1 citation recorded*CCLD

What does Type A vs Type B mean?

Type A. Serious citation. Imminent or substantial risk to children. The regulator requires corrective action immediately and may impose a civil penalty.

Type B. Lower-severity citation. Corrective action required, no imminent risk. The regulator monitors compliance on the next visit.

  • 87465(e)Type B

    Based on observation and record review, the licensee did not comply with the section cited above as R1's centrally stored medications contained a bottle of "1 a day men's multi vitamins" which R1 did not have a prescription or doctor's orders for which poses a potential health risk to persons in care.

FAQ · About this visit

Common questions about this visit

What happened during the August 19, 2025 inspection of ASHLEY'S GARDEN ELDERLY CARE?

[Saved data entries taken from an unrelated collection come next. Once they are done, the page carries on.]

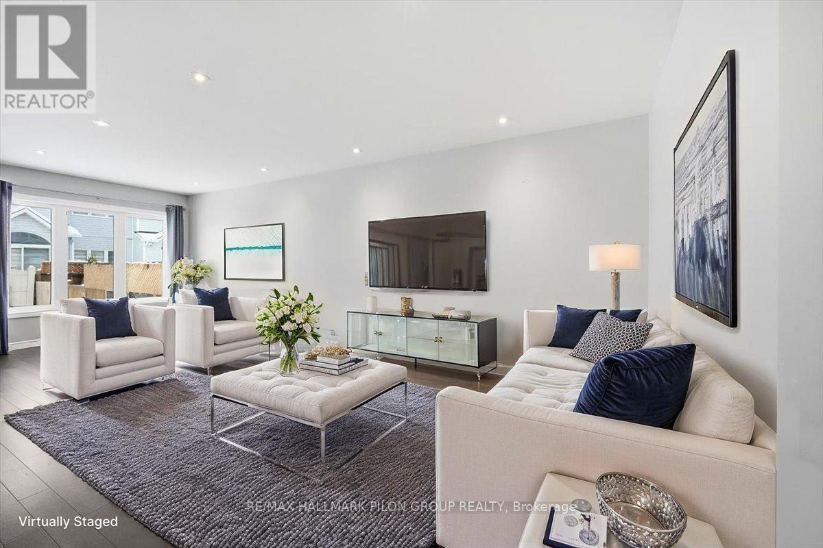 Welcome to 748 Morningstar Way, an elegant & impeccably maintained 3-bedroom townhome set on one of Trailsedge's most desirable & quiet streets. From the moment you arrive, the home impresses with a wide driveway accommodating 2 vehicles & a welcoming entry that sets the tone for the refined finishes found throughout. Step inside to a striking front foyer featuring designer chevron tile, access to the attached garage, & stylish powder room. Rich, dark hardwood flooring flows seamlessly across the entire main level, creating a sense of warmth & sophistication while anchoring the open concept living & dining spaces perfect for upscale entertaining & everyday comfort. The heart of the home is the bright, timeless white kitchen, offering generous cabinetry & counter space, an elegant backsplash, & a charming eating nook bathed in natural light. Patio doors lead to the fully fenced backyard, effortlessly blending indoor & outdoor living. A true showpiece of the home, the sweeping curved hardwood staircase makes a bold architectural statement as it leads to the second level. The primary bedroom is a serene retreat, featuring a spacious walk-in closet & a spa-inspired ensuite with a soaker tub, separate glass shower, & expansive vanity. Two additional well-appointed bedrooms & a beautifully finished family bathroom complete the upper level. The fully finished lower level extends the living space with a refined family room with cozy corner gas fireplace, along with a dedicated laundry area and an oversized storage room ideal for organized, clutter-free living. Situated in the heart of Trailsedge, this exceptional home offers a rare blend of tranquility and convenience. Known for its tree-lined streets, pride of ownership, & proximity to nature trails, parks, & top-rated schools, the neighbourhood also provides easy access to Orleans' shopping, dining, recreation facilities, and downtown commuting routes. Some photos virtually staged. (41913886)
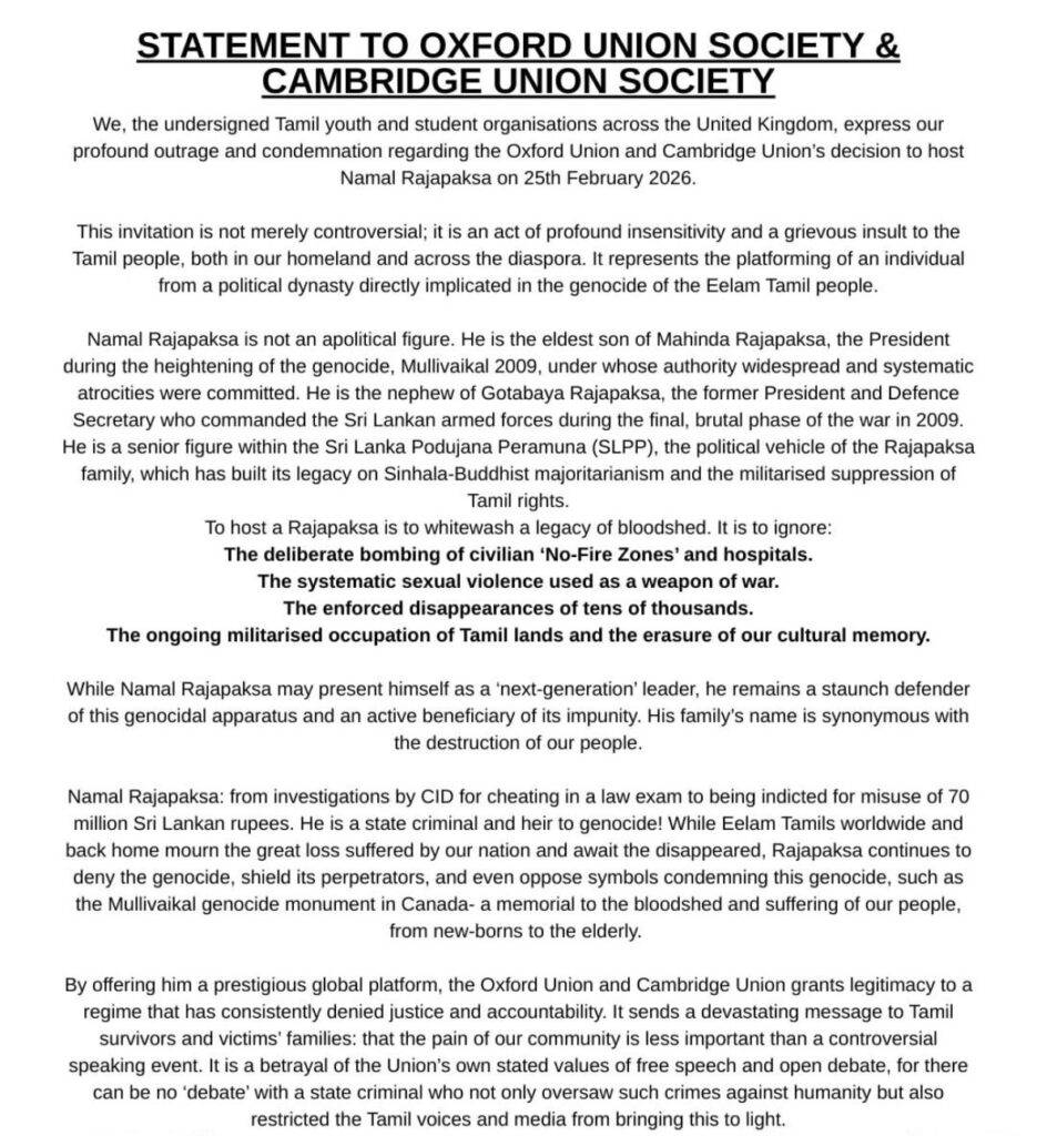 මෙහිදී නාමල් රාජපක්ෂ ඔක්ස්ෆර්ඩ් හා කේම්බ්රිජ් විශ්ව විද්යාලවල පවත්වන උත්සව අවස්ථාවන්වලට සහභාගී වීමටද නියමිත අතර මෙම සංචාරය පිළිබදව දැනගත් ඩයස්පෝරාව නාමල්ගේ ගමන වැළැක්වීමට ශ්රී ලංකා රජයට මෙන්ම මහාබ්රිතාන්ය රජයටත් බලපෑම් කර ඇතැයි වාර්තා වෙයි.
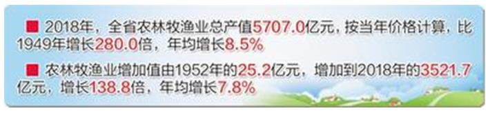 来自省统计局的数据显示,2018年,全省农林牧渔业总产值5707.0亿元,按当年价格计算,比1949年增长280.0倍,年均增长8.5%。农林牧渔业增加值由1952年的25.2亿元,增加到2018年的3521.7亿元,增长138.8倍,年均增长7.8%。
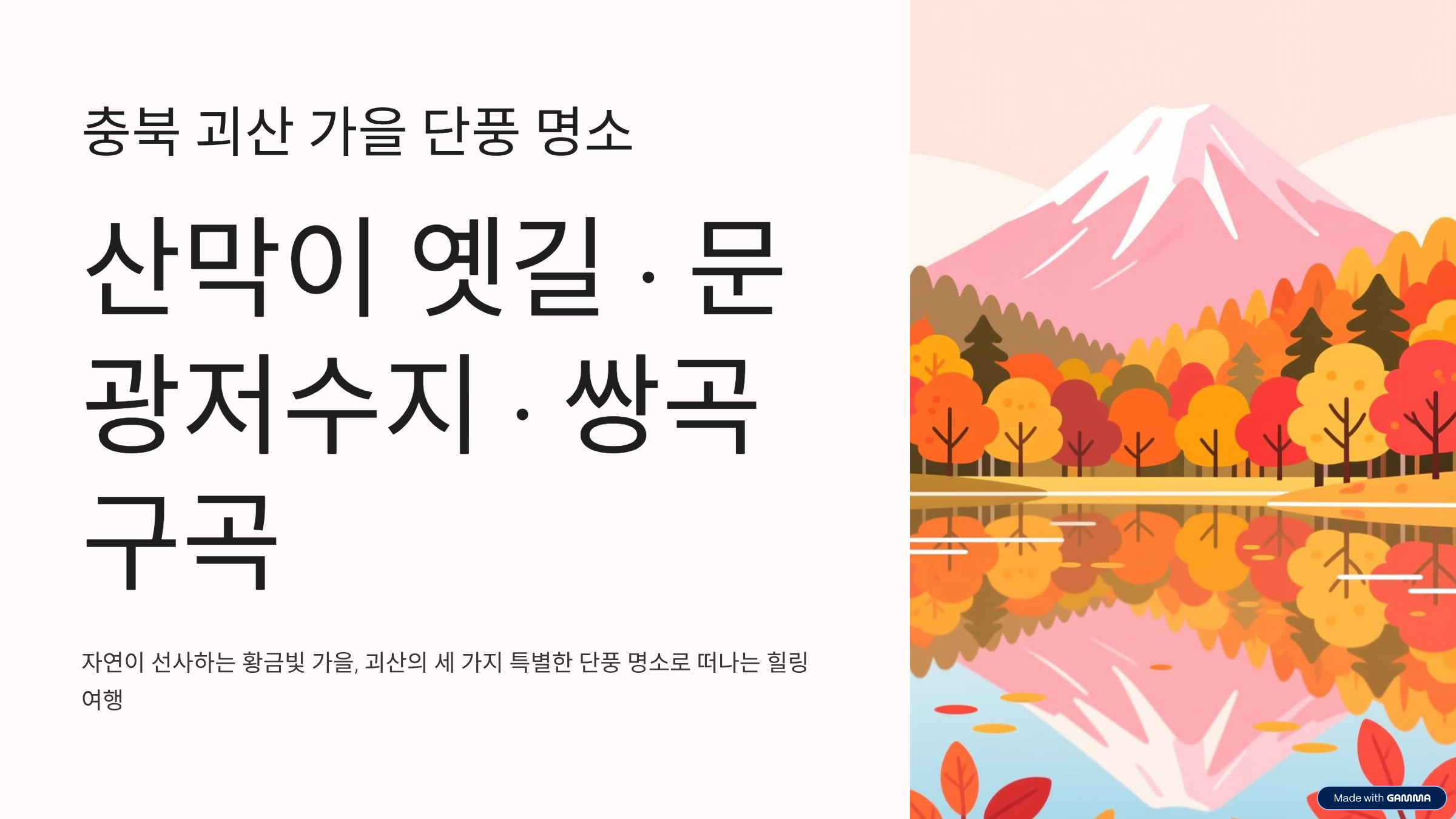오늘은 여러분의 가을 여행 계획을 완벽하게 만들어 줄 괴산 단풍 명소 3곳을 엄선하여 추천해 드립니다!

This was a inspection inspection of ASHLEY'S GARDEN ELDERLY CARE on August 19, 2025. 1 citation were issued: 1 Type B.

Were any citations issued to ASHLEY'S GARDEN ELDERLY CARE on August 19, 2025?

Yes, 1 citation was issued (0 Type A, 1 Type B). The first citation was for: "Based on observation and record review, the licensee did not comply with the section cited above as R1's centrally store..."

What type of inspection was this?

This was a inspection inspection. inspection inspections are conducted by CCLD as part of their licensing oversight.